AWK print block that does NOT contain specific text

I have the following data file:
variable "ARM_CLIENT_ID" {
description = "Client ID for Service Principal"
}
variable "ARM_CLIENT_SECRET" {
description = "Client Secret for Service Principal"
}
# [.....loads of code]
variable "logging_settings" {
description = "Logging settings from TFVARs"
}
variable "azure_firewall_nat_rule_collections" {
default = {}
}
variable "azure_firewall_network_rule_collections" {
default = {}
}
variable "azure_firewall_application_rule_collections" {
default = {}
}
variable "build_route_tables" {
description = "List of Route Table keys that need direct internet prior to Egress FW build"
default = [
"shared_services",
"sub_to_afw"
]
}
There's a 2 things I wish to do:
print the variable names without the inverted commas
ONLY print the variables names if the code block does NOT contain default
I know I can print the variables names like so: awk '{ gsub("\"", "") }; (/variable/ && $2 !~ /^ARM_/) { print $2}'
I know I can print the code blocks with: awk '/variable/,/^}/', which results:
# [.....loads of code output before this]

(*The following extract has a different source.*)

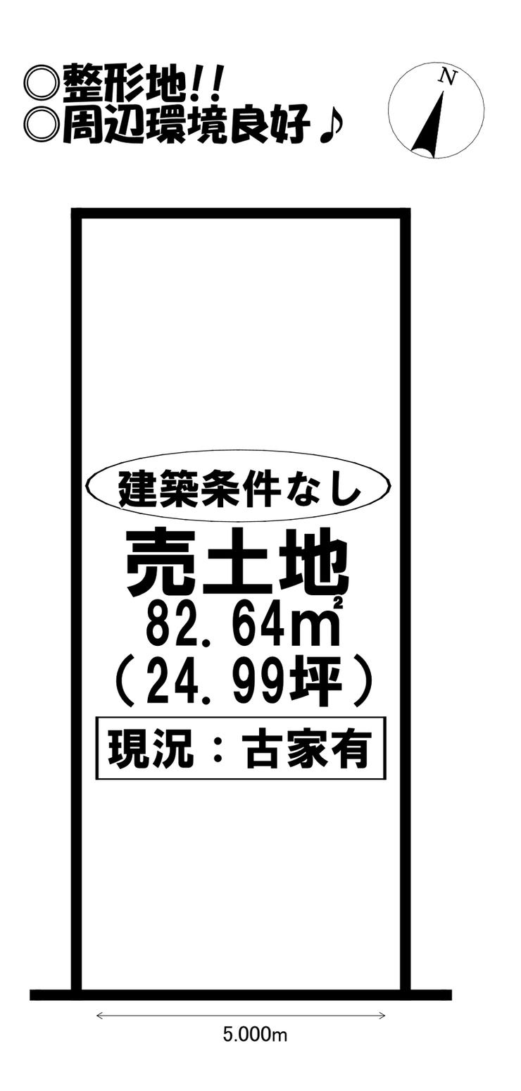 | 土地面積 | 公82.64㎡(24.99坪) | 接道 | 南東側(公道)幅 約5.2m 間口 約5.00m |

variable "logging_settings" {
description = "Logging settings from TFVARs"
}
variable "azure_firewall_nat_rule_collections" {
default = {}
}
variable "azure_firewall_network_rule_collections" {
default = {}
}
variable "azure_firewall_application_rule_collections" {
default = {}
}
variable "build_route_tables" {
description = "List of Route Table keys that need direct internet prior to Egress FW build"
default = [
"shared_services",
"sub_to_afw"
]
}
However, I cannot find out how to print the code blocks "if" they don't contain default. I know I will need to use an if statement, and some variables perhaps, but I am unsure as of how.
This code block should NOT appear in the output for which I grab the variable name:
variable "build_route_tables" {
description = "List of Route Table keys that need direct internet prior to Egress FW build"
default = [
"shared_services",
"sub_to_afw"
]
}
End output should NOT contain those that had default:
# [.....loads of code output before this]
expressroute_settings
firewall_settings
global_settings
peering_settings
vnet_transit_object
vnet_shared_services_object
route_tables
logging_settings
Preferable I would like to keep this a single AWK command or file, no piping. I have uses for this that do prefer no piping.

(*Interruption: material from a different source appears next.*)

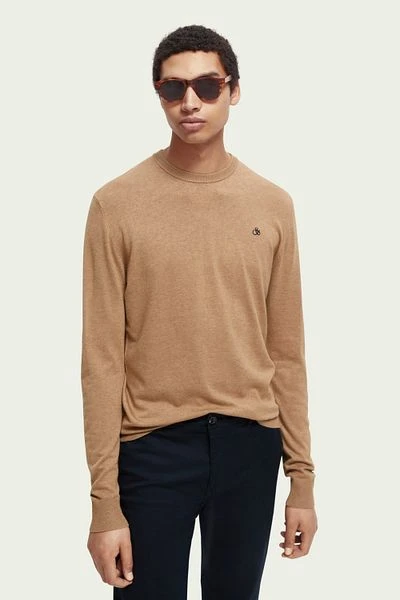 Het Amsterdamse kledingmerk Scotch en Soda is rijk aan details en heeft een uitstekende kwaliteit. De ontwerpers van Scotch laten geen enkel middel onbenut bij het uitwerken en verfijnen van hun kledingstukken, waarbij ook de afwerking van de binnenkant niet wordt vergeten. Deze sweater heeft een stijlvolle Camel Melange kleur, ronde hals, een ton sur ton logo detail en elastische banden aan de uiteinden van de mouwen voorziet je outfit zo van een klassieke look met een herkenbare Scotch & Soda twist.

EDIT: update the ideal outputs (missed some examples of those with default)
Assumptions and collection of notes from OP's question and comments:
all variable definition blocks end with a right brace (}) in the first column of a new line
we only display variable names (sans the double quotes)
we do not display the variable names if the body of the variable definition contains the string default
we do not display the variable name if it starts with the string ARM_
One (somewhat verbose) awk solution:
NOTE: I've copied the sample input data into my local file variables.dat
awk -F'"' ' # use double quotes as the input field separator
/^variable / && $2 !~ "^ARM_" { varname = $2 # if line starts with "^variable ", and field #2 is not like "^ARM_", save field #2 for later display
printme = 1 # enable our print flag
}
/variable/,/^}/ { if ( $0 ~ "default" ) # within the range of a variable definition, if we find the string "default" ...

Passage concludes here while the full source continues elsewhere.